Reunanen, J. et al. (2015)
examined A. muciniphila adhesion to
human colonic mucus, multiple intestinal epithelial cell lines (Caco-2; HT-29),
and extracellular matrix (ECM) proteins. They hypothesised A. muciniphila to adhere to colonic mucus as this is its sole
source of nutrients. In contrast they found A.
muciniphila to have a low level of binding (less than 1%) to human colonic mucins.
However, A. muciniphila did bind to
both enterocyte lines. Interestingly level of adherence did not change with
epithelial cell development. This while surface molecules are known to
differentiate over different developmental stages. The equal adherence over
time suggests that A. muciniphila is
able to bind at various differentiation stages in vivo, despite changing surface structure. It remains unclear
whether this low mucus binding is a result of their mucin-degrading enzymatic
activity or because of the experimental conditions. The experiments were conducted
in aerobic circumstances, as A.
muciniphila did not appear to be harmed by oxygen. So, A. muciniphila may be classified as an aerotolerant anaerobic
bacterium rather than strictly anaerobic. Binding with ECM proteins was studied
to investigate possible adherence after mechanical stress of digestion,
exposing the subepithelium with its ECM networks. Reunanen, J. et al. (2015)
found A. muciniphila to only bind to
laminin at an above background level. In order to study in what way epithelial
integrity and interleukin-8 (IL-8) release would be affected by A. muciniphila, Reunanen, J. et al. (2015)
used in vitro models. To assess the
effect of A. muciniphila on the
monolayer integrity of the epithelial cell line Caco-2, the development of the
transepithelial electrical resistance (TER) was assessed. This way the
epithelial barrier function is studied measuring the ion passage across the
tissue. Escherichia coli was also
studied, as it is known to adversely
affect monolayer integrity. Additionally, Bacteroides fragilis was added to allow for comparison. As
expected E. coli adversely affected the Caco-2 monolayer integrity,
decreasing the TER. However, both A.
muciniphila and B. fragilis significantly
increased the TER, strengthening the epithelial barrier function, which could
mean A. muciniphila can not
only be linked to gut health but also to systematic health. Reunanen, J. et al.

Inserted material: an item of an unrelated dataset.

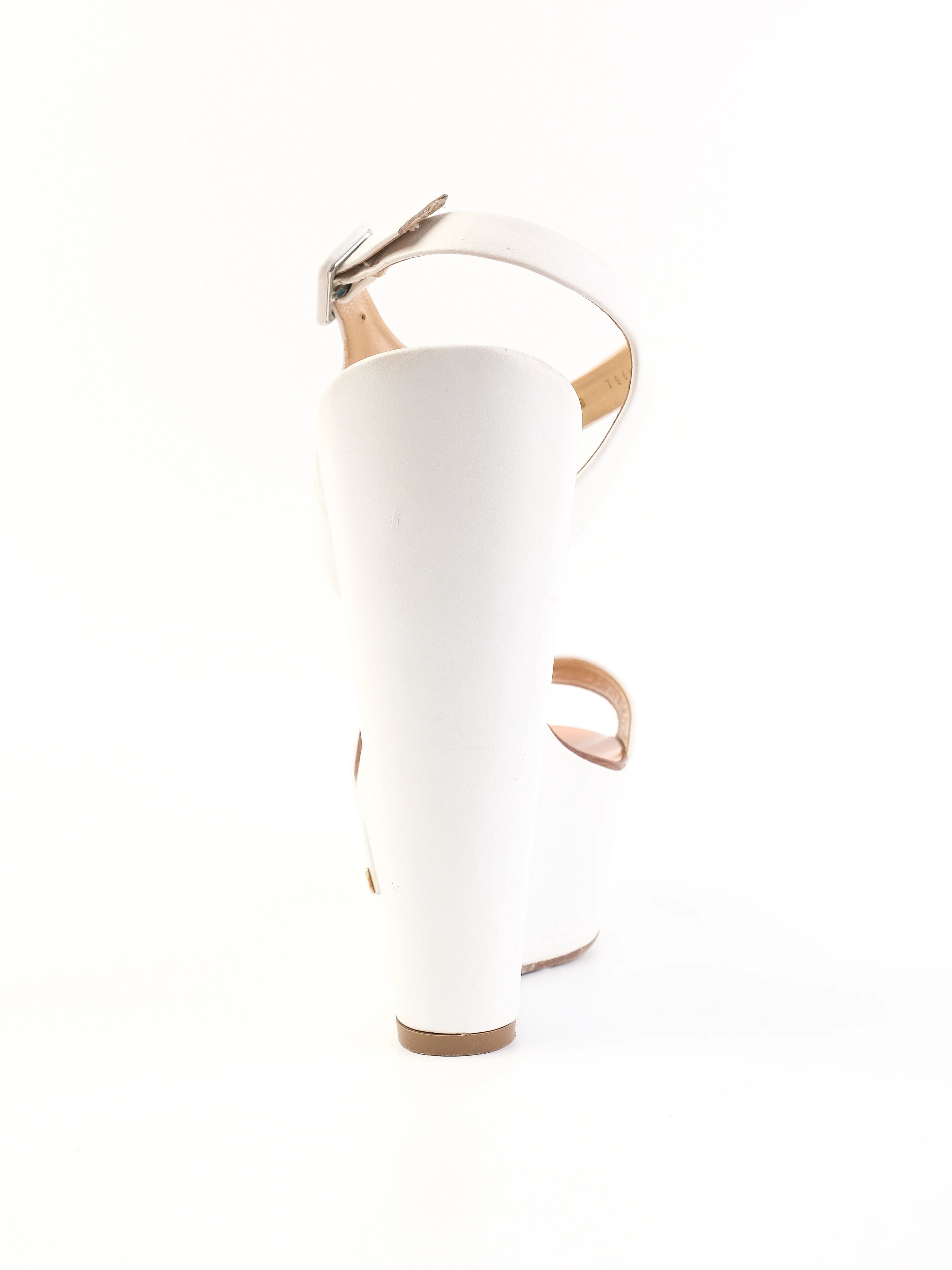 Excellent Vicini White Leather Platform Wedge Sandals Size 38

(2015) studied the effect on IL-8 production in HT-29 cells to assay the
proinflammatory capacity of A.
muciniphila. Again using E. coli and B. fragilis for comparison. A. muciniphila only triggered IL-8 production at the highest dose
tested (1:100 dilution; 106 bacteria/mL-1). Compared to E. coli the proinflammatory effects are
minor, as much smaller E. coli concentrations
were found to have similar IL-8 production. This low proinflammatory
stimulation of A. muciniphila is in
line with prior studies linking A.
muciniphila to noninflamed mucosa. The minor proinflammatory activity found
in A. muciniphila is suggestive of a
low LPS production by the bacterium. Reunanen, J. et al. (2015) found the
genetic elements necessary for LPS production. However, A. muciniphila LPS probably differs from E. coli LPS as they did not induce an equally strong IL-8 release
from HT-29 cells. This, as well as other findings, have revealed many subjects
for further exploration.
Discussion and future developments
This recent study shows the
surprising adherence preference of A.
muciniphila. Binding directly to epithelial cells and laminin rather than
colonic mucus. Additionally, Reunanen, J. et al. (2015) demonstrates the
strengthening of the enterocyte monolayer integrity in vitro, which is suggestive of the ability to restore a weakened
gut barrier. This finding, on the supposed aerotolerant anaerobic bacterium,
gives way to new questions on colonization, stable occupation of a constantly
changing niche, and immunosignaling properties of this species. With a total of
eight different Akkermansia species
identified, asks for further exploration of human gut microbiotic diversity, as
there is still a lot yet to be discovered, which can possibly promote the
understanding of metabolic interactions with the host.